One of the systems had duplicate user accounts. Auditors could not ascertain whether they were being used simultaneously to carry out transactions in the system.

Sh164 million worth of items procured had not been delivered to the hospital, reasons given ranging from brands or items being out of stock, inaccuracies in shipment dates, incomplete installation, partial deliveries to blanket orders being issued.

In one instance where two dental chairs worth Sh6.3 million each were delivered, they were not in use because they lacked key consumables to operationalise them. Anderson bed lift and ramp acquired at Sh121 million was also not operational because the engineer informed the auditors that it had not been handed over to the hospital by the contractor.

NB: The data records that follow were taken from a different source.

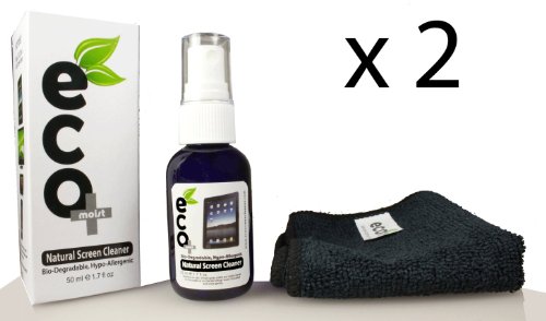 Screen Cleaner KIT X 2 + Extra Fine Microfiber Towel + All Natural + MADE IN UK, GREEN PRODUCT, NO AMMONIA AND ALCOHOL, Cleans All Dusts and stains, Best for Laptop, iPhone, iPad, Computers, Touch screens etc. (2 X 50Ml Screen Cleaner) - All Natural, NO Chemicals, NO ACIDS, Cleans All Dusts and stains, Free of Alcoholic substances, Best for iPhone, iPad, Computers, Laptop, Touch screens etc. Eco Moist screen cleaner KIT. It is made from 100% natural herbal constituents, refined on the basis of finest herbal veins theory. Free of acids and alcoholic substances. Direction of use: Simply spray on the microfibre towel (included in the box) and gently wipe the existing dust and stain areas of the screen.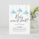 Cartão de cancelamento de chá de bebê, aspersão de bebê azul. Aconteça o que acontecer, o bebê não pode esperar, embora o chá possa. Mantenha todos atualizados. Criado por Thisisnotme©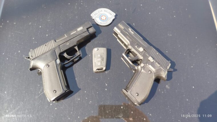 A Polícia Militar prendeu dois homens, de 29 e 32 anos, nesta quarta-feira (18), em Rio Claro, no interior de São Paulo. A dupla estava em saída temporária e circulava na região com um veículo com placas adulteradas e dois simulacros de arma de fogo.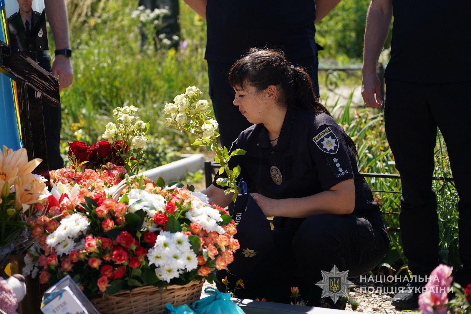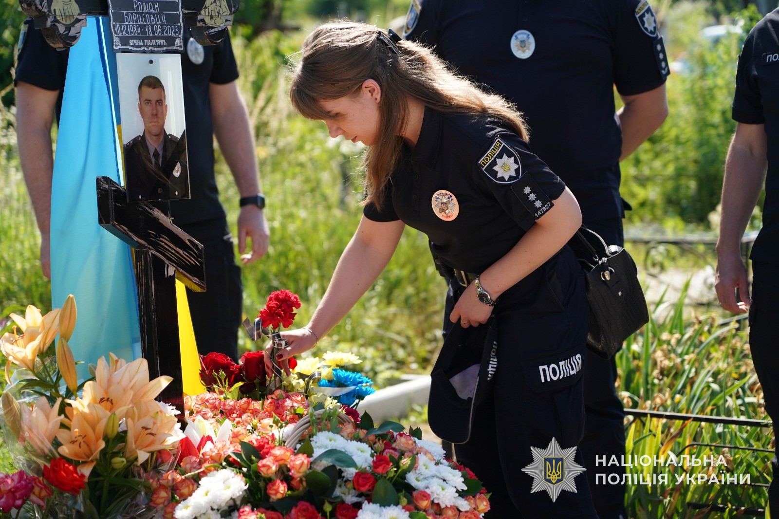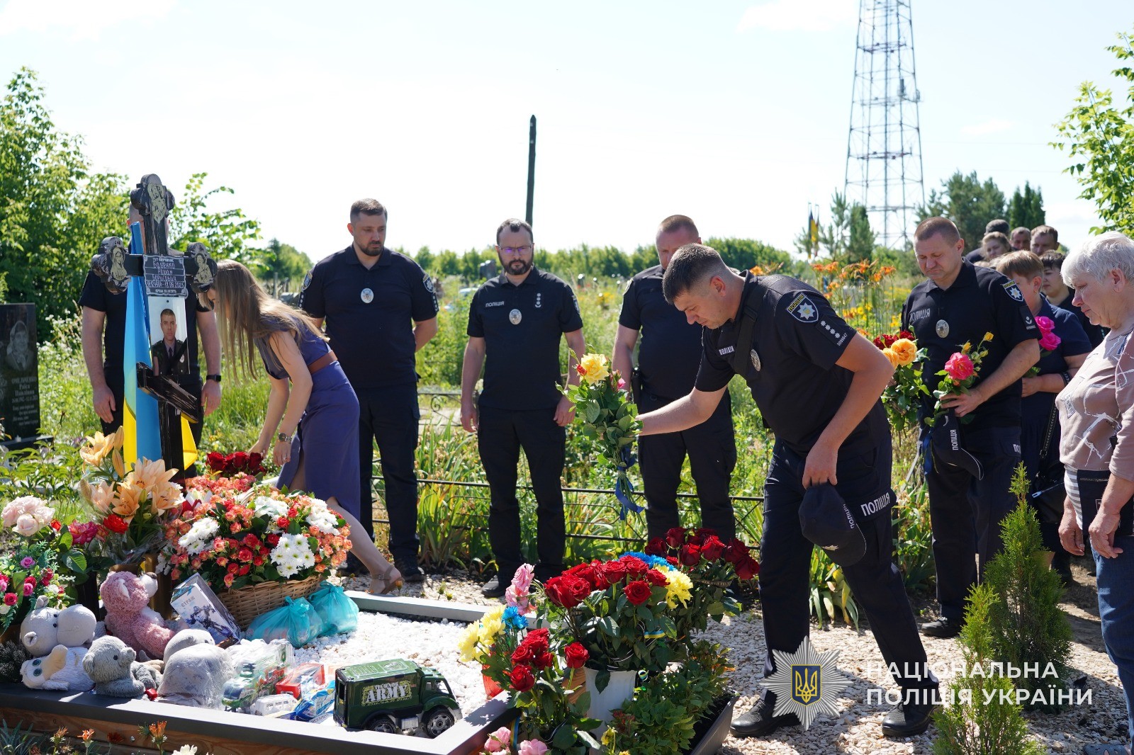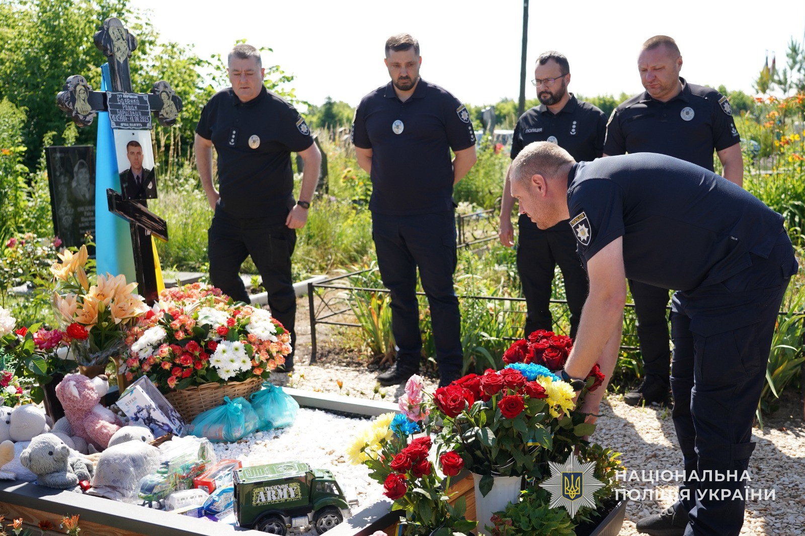 Поліцейські Сумщини вшанували пам’ять вбитого росіянами поліцейського Романа Бабенка та його чотирьохрічного сина Дмитра

The loopholes in hospital’s procurement processes and systems were laid bare in several instances in the report.

In an incident, a procurement manager allowed a suspended company to continue trading with the hospital despite not being able to deliver a dialysis treatment plant at a cost of Sh12.9 million.

In another incident, the hospital incurred $507,504 (Sh50.7 million) in wrongful termination of services for a supplier due to what is stated as the Ag CEO not seeking legal input before the termination. In addition, it lost another $779,72.05 (Sh77.9 million) from termination of another supplier’s services.

The hospitals legal expenses were significantly on the upward trajectory, increasing by 35 per cent from Sh20,424,000 to Sh39,952,000. The auditors termed it a clear indication of inadequate legal advice to the board and management of the hospital.

The projects under The Nairobi Hospital had an additional Sh630 million from change orders not approved by the hospital, varying the initial contract amounts.

“We reviewed board minutes between period 2017 and 2019 and noted that change orders were never discussed except for 4th Finance and Investment Committee,” read the report.

The hospital, which by the time of the report had 1,984 staff showed that in 2019, they had spent Sh3.6 billion on salaries, up from Sh2.3 billion in 2016.

From the report, it is not very clear whether pay grades and salary scales at the hospital were being followed to the letter.

At the time of the audit, one senior accountant was earning Sh192,000 yet the immediate former office holder was at Sh600,000. Another accountant in the same job designation was earning Sh238,000 yet the former office holder was at Sh728,000.

“Many top-level managements at the time were in acting capacity for many months, contrary to best practice,” said the former staffer.

Senior management

From the report, seven senior management positions, including that of the CEO, Finance and Human Resource directors were all acting in office.

Staff privy to wrangles at the hospital say there is an ongoing audit to right-size the organisation and create a rational salary structure.

“We have to stick by proper governance norms. There is a heavy top-down system where the board is not fully informed of what is going on,” says Robert Shaw, a current board member.

“Board members are not provided with enough information to make decisions. The hospital’s core business (providing health services) is in good shape but its governance is wobbly,” adds Shaw.

He says there seems to be a thin line between top-level management and board governance, where the board is involved in the day-to-day operations of the hospital to the extent of supervising contractors.

“With all this turmoil, will it continue providing premiere medical services?” Shaw asks, noting that it’s an open question but that the situation is not all doom and gloom because of the goodwill of board members who want to do the right thing.